[Supplied material Boundary: Start]

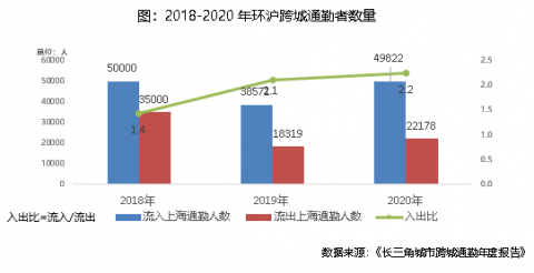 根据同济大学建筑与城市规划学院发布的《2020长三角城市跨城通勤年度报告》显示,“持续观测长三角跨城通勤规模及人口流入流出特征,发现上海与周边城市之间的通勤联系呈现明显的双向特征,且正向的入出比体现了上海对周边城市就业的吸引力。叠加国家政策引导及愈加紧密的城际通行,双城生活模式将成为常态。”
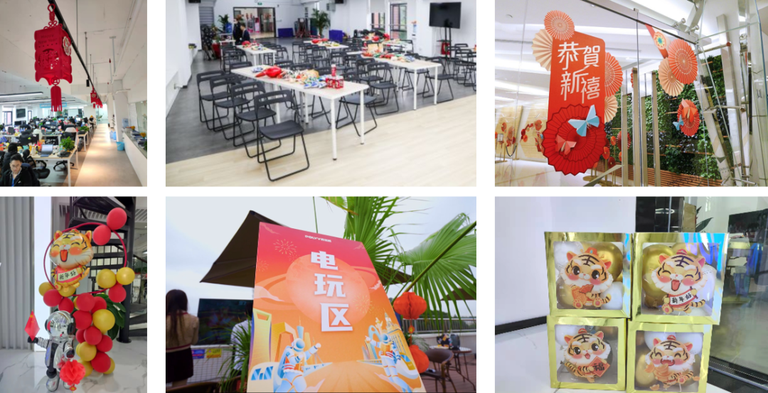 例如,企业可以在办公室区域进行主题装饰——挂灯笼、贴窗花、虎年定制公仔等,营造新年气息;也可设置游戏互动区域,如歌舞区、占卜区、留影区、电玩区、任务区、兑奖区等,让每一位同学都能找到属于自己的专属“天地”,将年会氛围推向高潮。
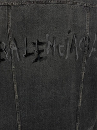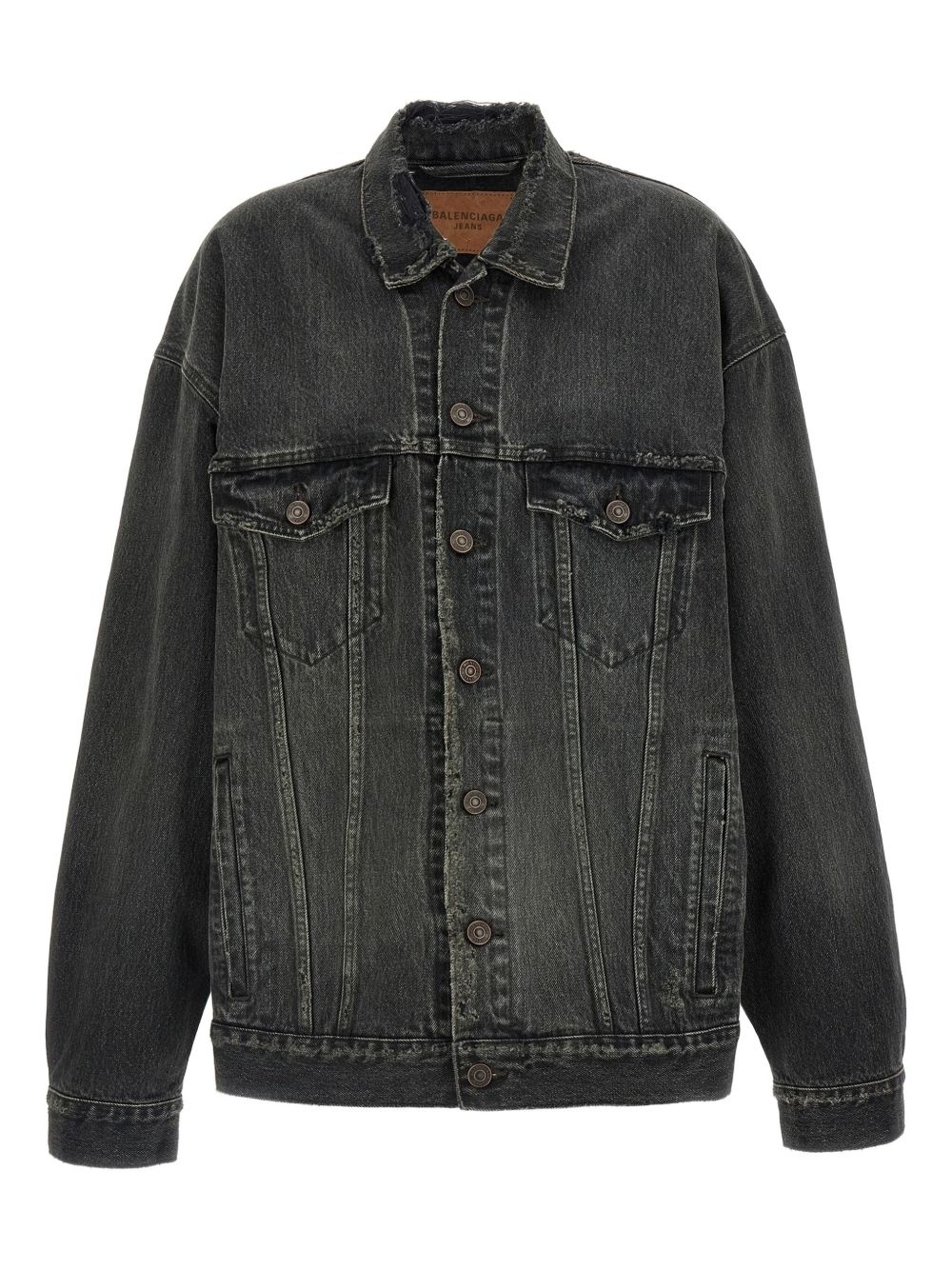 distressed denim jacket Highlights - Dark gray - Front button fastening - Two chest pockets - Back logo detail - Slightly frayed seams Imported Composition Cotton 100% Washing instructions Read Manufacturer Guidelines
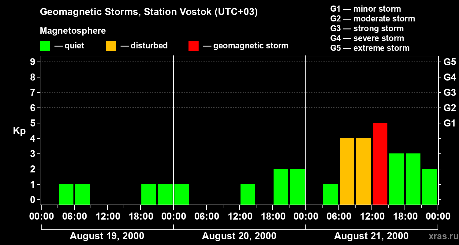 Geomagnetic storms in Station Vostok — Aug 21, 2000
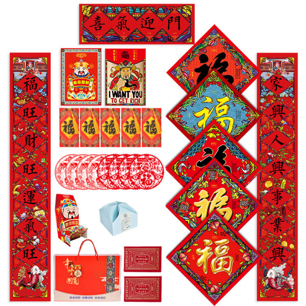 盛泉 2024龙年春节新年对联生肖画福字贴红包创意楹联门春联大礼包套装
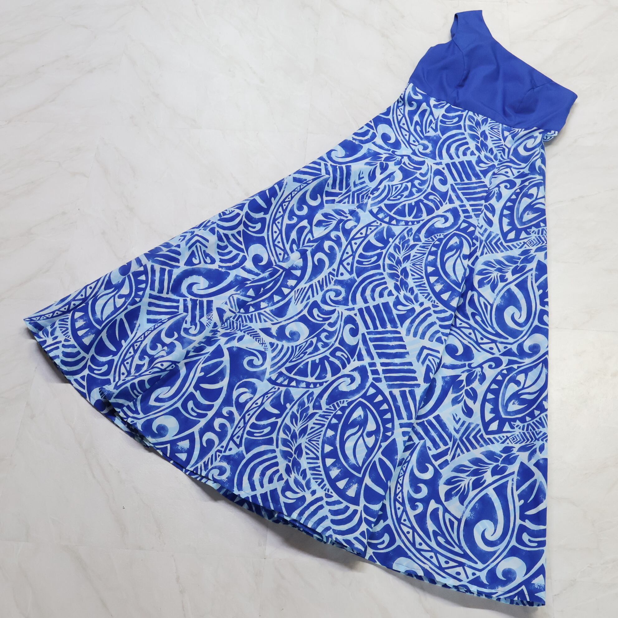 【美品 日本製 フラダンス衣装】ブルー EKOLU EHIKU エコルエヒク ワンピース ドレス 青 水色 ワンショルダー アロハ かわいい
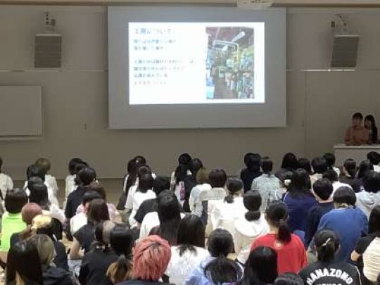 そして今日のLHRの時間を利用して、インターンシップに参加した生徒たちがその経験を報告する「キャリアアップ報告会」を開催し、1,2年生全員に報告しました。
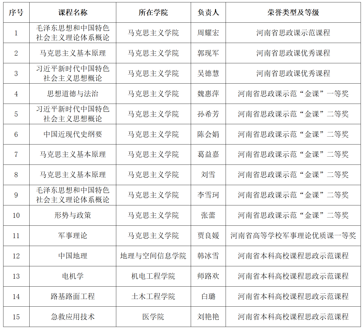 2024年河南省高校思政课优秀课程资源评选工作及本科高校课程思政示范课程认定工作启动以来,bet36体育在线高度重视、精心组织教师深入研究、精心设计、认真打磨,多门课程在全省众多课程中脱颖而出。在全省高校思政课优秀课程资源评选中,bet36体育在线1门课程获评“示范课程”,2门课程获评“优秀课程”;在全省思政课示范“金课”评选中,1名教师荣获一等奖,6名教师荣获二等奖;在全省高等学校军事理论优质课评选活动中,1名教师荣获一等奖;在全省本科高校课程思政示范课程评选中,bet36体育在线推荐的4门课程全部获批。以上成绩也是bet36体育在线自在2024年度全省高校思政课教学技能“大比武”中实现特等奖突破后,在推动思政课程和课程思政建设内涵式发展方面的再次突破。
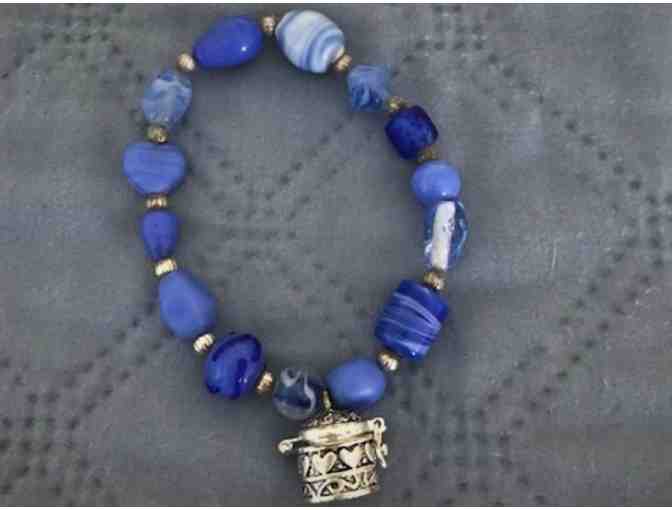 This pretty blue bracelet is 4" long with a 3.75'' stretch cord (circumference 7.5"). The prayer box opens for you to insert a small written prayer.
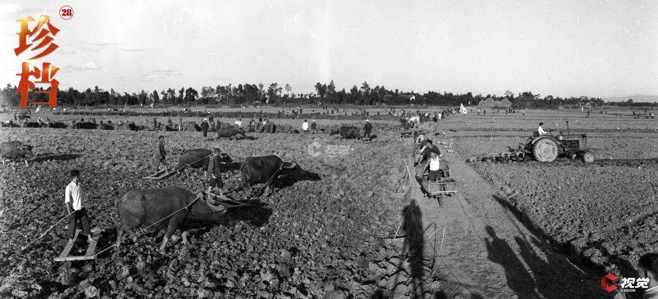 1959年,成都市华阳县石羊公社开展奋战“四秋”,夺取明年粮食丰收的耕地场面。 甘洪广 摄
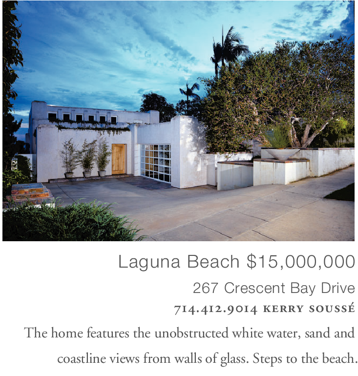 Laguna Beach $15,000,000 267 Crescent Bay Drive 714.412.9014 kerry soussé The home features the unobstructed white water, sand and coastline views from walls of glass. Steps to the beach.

[Supplied material Boundary: End]

Reproduce exactly, and only, the part of the entries above that runs from the line with "distressed denim jacket" to the last line, both included. Pictures stay out.

◆ Answer area
 distressed denim jacket Highlights - Dark gray - Front button fastening - Two chest pockets - Back logo detail - Slightly frayed seams Imported Composition Cotton 100% Washing instructions Read Manufacturer Guidelines
 Geomagnetic storms in Station Vostok — Aug 21, 2000
 盛泉 2024龙年春节新年对联生肖画福字贴红包创意楹联门春联大礼包套装
 【美品 日本製 フラダンス衣装】ブルー EKOLU EHIKU エコルエヒク ワンピース ドレス 青 水色 ワンショルダー アロハ かわいい
 そして今日のLHRの時間を利用して、インターンシップに参加した生徒たちがその経験を報告する「キャリアアップ報告会」を開催し、1,2年生全員に報告しました。
 2024年河南省高校思政课优秀课程资源评选工作及本科高校课程思政示范课程认定工作启动以来,bet36体育在线高度重视、精心组织教师深入研究、精心设计、认真打磨,多门课程在全省众多课程中脱颖而出。在全省高校思政课优秀课程资源评选中,bet36体育在线1门课程获评“示范课程”,2门课程获评“优秀课程”;在全省思政课示范“金课”评选中,1名教师荣获一等奖,6名教师荣获二等奖;在全省高等学校军事理论优质课评选活动中,1名教师荣获一等奖;在全省本科高校课程思政示范课程评选中,bet36体育在线推荐的4门课程全部获批。以上成绩也是bet36体育在线自在2024年度全省高校思政课教学技能“大比武”中实现特等奖突破后,在推动思政课程和课程思政建设内涵式发展方面的再次突破。
 This pretty blue bracelet is 4" long with a 3.75'' stretch cord (circumference 7.5"). The prayer box opens for you to insert a small written prayer.
 1959年,成都市华阳县石羊公社开展奋战“四秋”,夺取明年粮食丰收的耕地场面。 甘洪广 摄
 Laguna Beach $15,000,000 267 Crescent Bay Drive 714.412.9014 kerry soussé The home features the unobstructed white water, sand and coastline views from walls of glass. Steps to the beach.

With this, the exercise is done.